Glutamine is a representative of amino acids - molecules that build and bind proteins (proteins) in the body. Glutamine is the most abundant free amino acid in human blood, with concentrations of about 500-900 micromoles per liter. It is conditionally interchangeable - it is produced by the human body, but in some diseases its production can stop.

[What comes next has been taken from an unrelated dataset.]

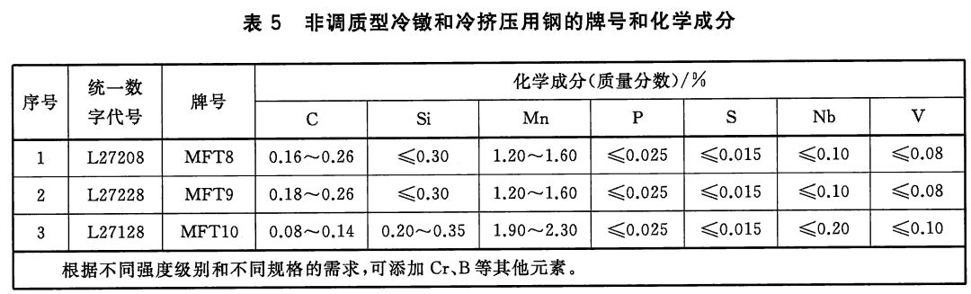 4)非调质型冷镦和冷挤压运用钢的牌号和化学成分(熔炼分析)应符合表5的规定。

The glutamine molecule plays an important role in maintaining the acid-base balance of the human body. It mainly contributes to this by its ability to bind to and remove excess renal ammonia. Ammonia is a toxic waste product of deamination reactions of metabolism and if it is not removed in time it accumulates and leads to a number of disorders and diseases.
This amino acid is produced in the muscles and reaches almost all organs and tissues through the blood. Under normal conditions, the body produces enough glutamine for its needs, but injuries , surgeries , prolonged stress or infections can greatly lower its levels.
When the body is exposed to severe stress after surgery, tissue injuries and trauma or infection , the stress hormone cortisol is released into the blood . This affects glutamine levels by lowering them greatly for the whole body. And this leads to slower wound healing.
The reason for this is that glutamine is the main metabolic fuel for rapidly dividing cells and gives them energy for the process, and wound healing requires the rapid division of connective, epithelial and other cells.
The best food sources of glutamine are meat and in particular - internal organs such as liver and stomach, but also dairy products, eggs, raw cabbage, nuts and green leafy vegetables beets, spinach and parsley.